# Tutorial 2: Ridge and Lasso Regularization

In this tutorial, we apply **Ridge** and **Lasso** regression to the *Medical Insurance Charges* dataset.

---

### Why Regularization?

Regularization helps prevent **overfitting** by penalizing large coefficients.

- **Ridge Regression (L2 penalty):**
  - Shrinks all coefficients towards zero.
  - Doesn't eliminate any features completely.

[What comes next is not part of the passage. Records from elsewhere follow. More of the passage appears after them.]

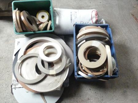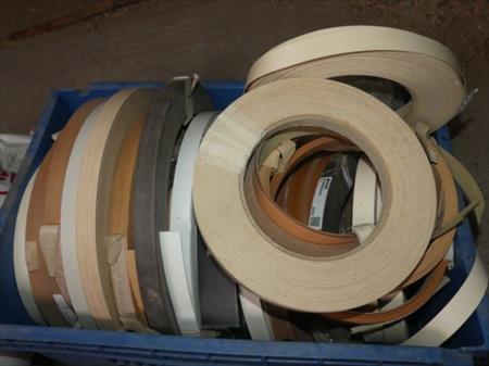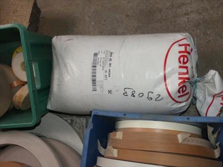 Lot de soldes de couvre chant Divers types de couvre chant Sac de colle pour plaqueuse de chant Marque : Henkel Type : RUS KS 351 weis Quantité : solde de +/- 20 kg
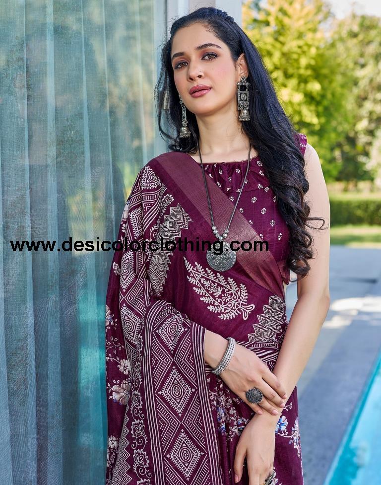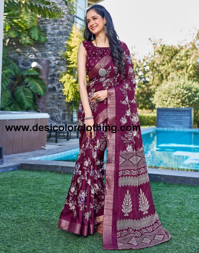 Wine Silk Printed Saree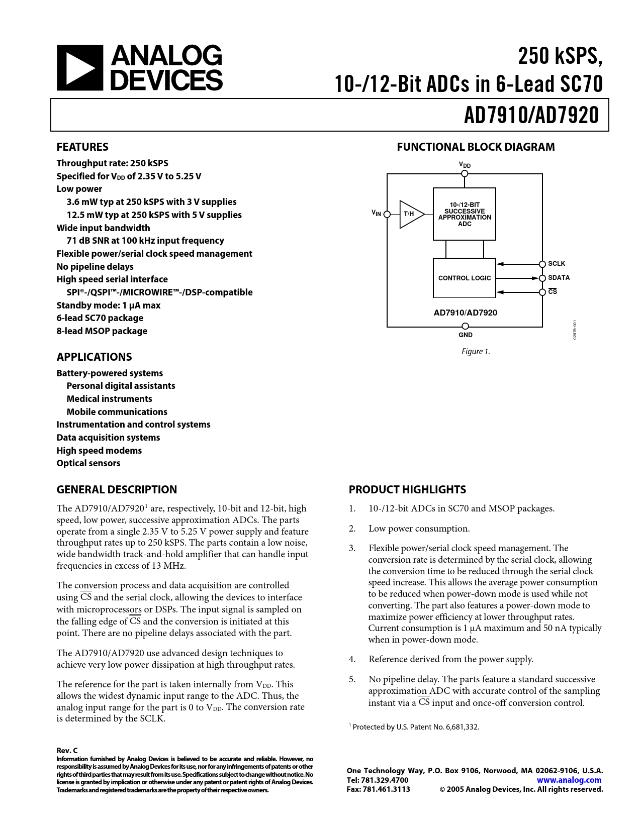 250 kSPS,. 10-/12-Bit ADCs in 6-Lead SC70. AD7910/AD7920. FEATURES. FUNCTIONAL BLOCK DIAGRAM. Throughput rate: 250 kSPS. VDD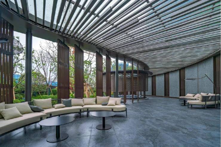 外立面融合“粉墙黛瓦+金属线条”新苏式风格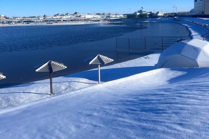 Озеро Развал в Соль-Илецке Оренбургской области не замерзает даже в самые лютые морозы. Однако, зимой гладь водоема нередко прикрывается коркой из снега.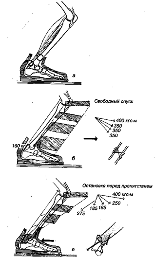 а — современная лыжная обувь, фиксирующая голеностопный сустав, вызывает три вида травм: в области верхнего края ботинка, компрессию переднего края большеберцовой кости, разрыв ахиллова сухожилия; б, в — направление нагрузки при свободном спуске и столкновении с препятствием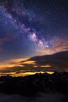 Prachtig uitzicht vanaf 2800 meter vanaf de Zwitserse Furkapas met de melkweg boven de wolken uit in de nacht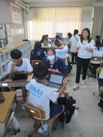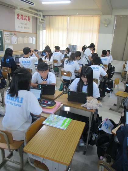 3年生3組の授業(英語)の様子 公開日 2024/09/20 更新日 2024/09/20 学校 20日(金)、3年生3組の6時間目は、英語の授業でした。 生徒は、グループで関係代名詞を用いて人物を紹介する英文を作る課題に取り組んでいました。

- **Lasso Regression (L1 penalty):**
  - Can shrink some coefficients **exactly to zero**.
  - Performs both **shrinkage and feature selection**.
  - We load the **preprocessed training/testing data** from Tutorial 1 and apply Ridge & Lasso regression.

---

We will:
1. Fit Ridge and Lasso models
2. Print and compare coefficients

In [16]:
import pandas as pd
from sklearn.linear_model import Ridge, Lasso
from sklearn.model_selection import train_test_split
from sklearn.preprocessing import StandardScaler, OneHotEncoder
from sklearn.compose import ColumnTransformer

import joblib
from sklearn.linear_model import Ridge, Lasso

# Load preprocessed data
X_train, X_test, y_train, y_test = joblib.load("insurance_data_split.pkl")

### Ridge Regression: 

In [28]:
ridge = Ridge(alpha=1.0)
ridge.fit(X_train, y_train)
print("Ridge Coefficients:")
print(ridge.coef_)

Ridge Coefficients:
[ 3.60327080e+03  2.05193836e+03  5.13153656e+02 -1.06355787e+01
  2.35146348e+04 -3.66152625e+02 -6.43009456e+02 -8.02913351e+02]


### Lasso Regression:

In [26]:
lasso = Lasso(alpha=1.0)
lasso.fit(X_train, y_train)
print("\nLasso Coefficients:")
print(lasso.coef_)


Lasso Coefficients:
[ 3.60821741e+03  2.05269422e+03  5.11517339e+02 -1.40450990e+01
  2.36446476e+04 -3.54189843e+02 -6.40187430e+02 -7.93012399e+02]


### Observations from Output

- **Ridge Regression Coefficients:**
  
  [ 3603.27, 2051.94, 513.15, -10.64, 23514.63, -366.15, -643.01, -802.91 ]

- **Lasso Regression Coefficients:**

  [ 3608.22, 2052.69, 511.52, -14.05, 23644.65, -354.19, -640.19, -793.01 ]

---

#### Interpretation:

- Both **Ridge** and **Lasso** resulted in very similar coefficients, indicating **low multicollinearity** among features.
- **Ridge** slightly shrinks all coefficients but **retains all features** (none become zero).
- **Lasso** also shrinks the coefficients, but in this case, **none are exactly zero** — meaning it didn’t drop any features.  
- However, with a higher regularization strength (`alpha`), **Lasso** could potentially reduce some coefficients **to zero**, performing **automatic feature selection**.
- These regularization techniques help improve **generalization** and reduce the risk of **overfitting** in the model.